Etan Kerr-Finell lives in Kingston, N.Y., and is a writer, business owner and landlord.

I am a small landlord in upstate New York, and I am offering my tenants a break on their rent next month. I hope other landlords will consider doing the same. My main interest is in the “10 million [to] 11 million individual investor landlords managing an average of two units each, many with just one unit,” according to the Department of Housing and Urban Development. Companies that own large multifamily apartment buildings may be harder to persuade, but that doesn’t excuse them from helping to alleviate people’s hardships during the coronavirus pandemic.

Small landlords account for about 22.7 million units in 16.7 million properties (the United States has a total of about 48 million rental units, HUD says). I would say to them: You’ve probably found in recent weeks, as I have, that your own finances and much of what you thought was solid ground in the marketplace are being called into question. But I ask you to step outside of your own financial uncertainty and consider the powerful impact that millions of landlords could have by splitting some of the cost of this upheaval with their tenants.

Imagine how we could “flatten the curve” of the economic toll — to borrow a phrase about bringing down the infection rate over a longer time — by reducing the financial hit that millions of Americans are taking. The more we can stretch this out, the more bankruptcies, evictions and other financial disasters our tenants face might be staved off. And even if those troubles do eventually strike, spreading them further along the timeline would leave communities and the social safety net better able to help, just as the goal of flattening the pandemic curve is to avoid overwhelming hospitals with seriously ill patients all at once.

Yes, some tenants, maybe many of them, will receive relief from the emergency spending bill that President Trump signed into law last week. But those checks won’t cover every cost of the upheaval in people’s lives. Landlords, as members of our communities, have a duty to help as best we can during this emergency. We may be reluctant to reach out to tenants right now, from a natural human aversion to inviting what might be bad news about illness, unemployment or financial setbacks. Yet this is the time to get in touch with our tenants directly. If they’re hurting, and you’re able to, offer to reduce their rent by, say, 25 percent, for April, with no expectation of being paid back.

Another option: With tenants who have a track record of taking care of your property, return a portion of their security deposit and credit that toward the rent. If for April 1, or even May 1, landlords took $200 off the next rent check for those 22.7 million units, it would send more than $4.5 billion of relief back to tenants and into the economy.
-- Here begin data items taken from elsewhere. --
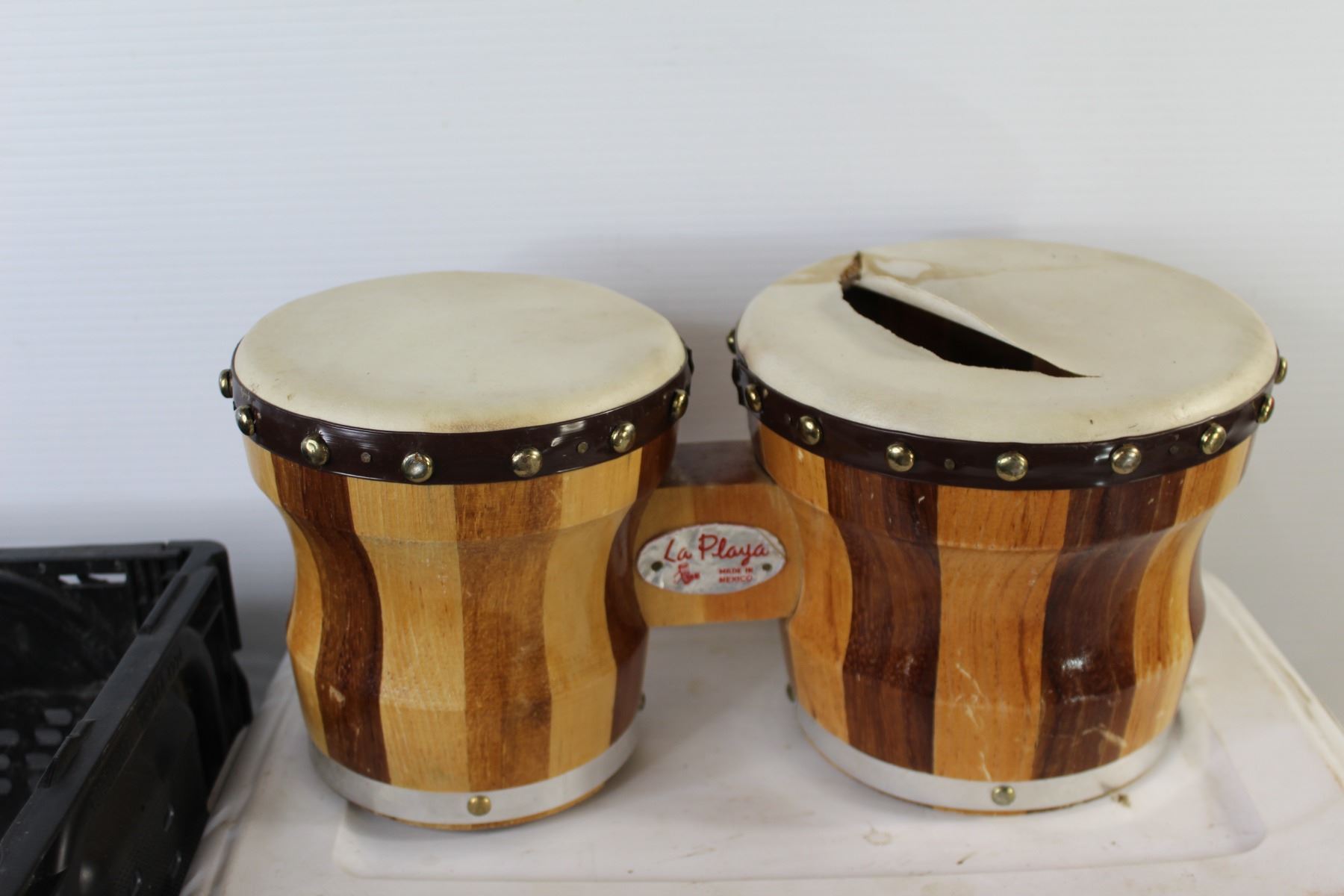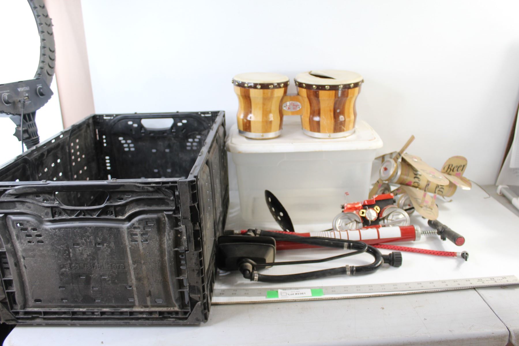 Black Crate, Bongos - One with a big crack, Ice Fishing Scoop, Plane and Bike Made out Of Cans, Pump, Plastic Tub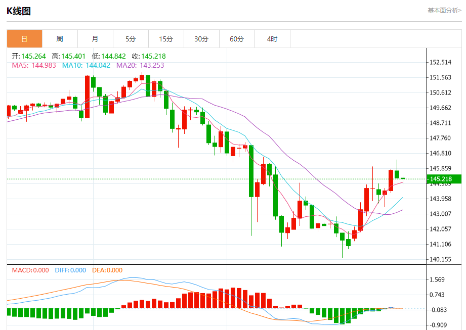 周五盘中,美元/日元报145.232,跌幅0.03%。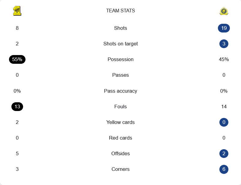 เกมนี้ อัล อิติฮัด ครองบอลมากกว่า 55% แต่ยิงเพียง 8 ครั้ง เข้ากรอบแค่ 2 ขณะที่ อันนัศร์ ใช้จังหวะโต้กลับอย่างคม ยิง 19 ครั้ง เข้ากรอบ 3 และทำได้ถึง 2 ประตู ทีมเยือนมีลูกเตะมุมมากกว่า (6 ต่อ 3) และเล่นเกมรับมีวินัย ไม่เสียใบเหลืองเลย ขณะที่เจ้าถิ่นโดน 2 ใบ เกมนี้ไม่มีใบแดง และมีฟาวล์รวม 27 ครั้ง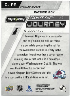 2020-21 UD Synergy Stanley Cup Journey PATRICK ROY /999 č. CJ-PR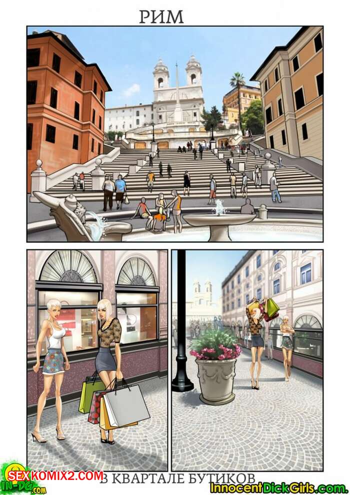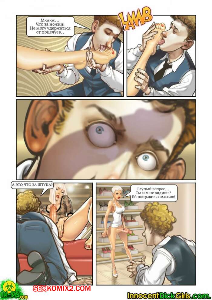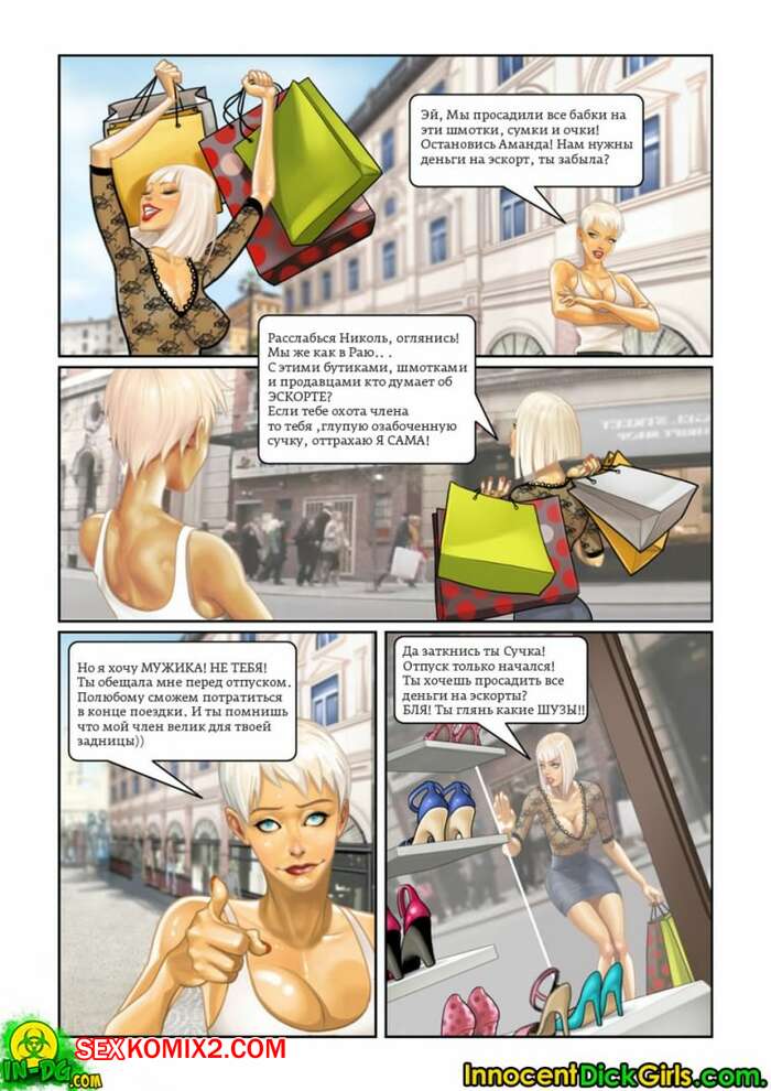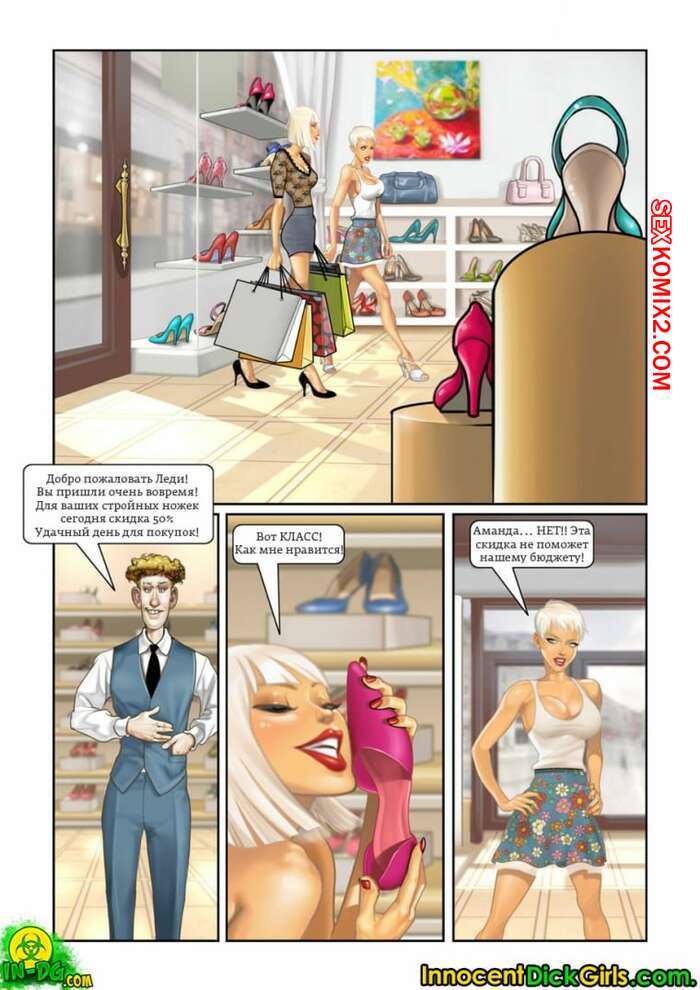 Порно комикс Шопоголики. InnocentDickGirls Сисястая милфа блондинка с большим хуем отправилась в магазин со своей подругой. Там они решили повеселиться с продавцом и устроили для сучки двойное проникновение.
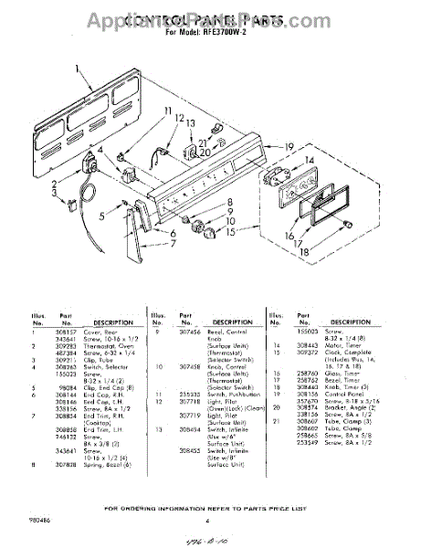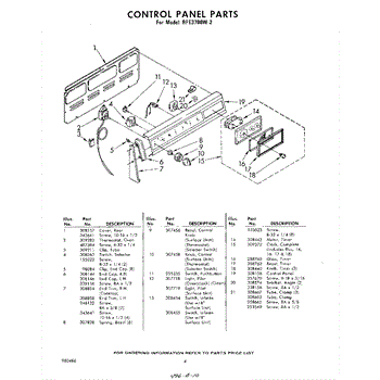 Parts for Whirlpool RFE3700W2: 04 - Control Panel Parts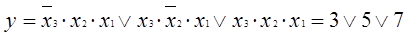 Для зручності виконання операції неповного склеювання пронумеруємо кожну констітуенту із ДДНФ функції

If you do this, only you and a couple of people will know it. Let the action be its own reward. If upon reflection that doesn’t persuade you, then I appeal to you as a businessperson. Think through the long-term interest of the business: Vacancies and turnover costs tend to dramatically outweigh the short-term expense of a voluntary rent reduction to a valued tenant. It’s in our interest, and the interest of the people we’ve entered into agreement with, to help them continue to help us. (A gentle reminder: If you structured your business well, your tenants are helping pay the mortgage of the house you own.)

When the subject of rent forgiveness has come up on Internet real-estate forums over the past few weeks, a common landlord response has been along the lines of “the bank isn’t going to give me a break on my mortgage.” First of all, the bank may do just that. CNBC recently compiled a list of several banks with policies responding to the emergency that include offering help to mortgage-holders who ask for it. And the government has declared a moratorium on evictions and foreclosures related to mortgages backed by Fannie Mae, Freddie Mac or the Federal Housing Administration.

But even if your bank won’t give you a break on your mortgage, is that any reason for you to also behave so thoughtlessly? We may not know how these decisions will impact any of us in the long term — and as a business owner, I may experience negative consequences in future months. But we do know one thing: As landlords, we have an opportunity to be of value to our tenants and to our communities.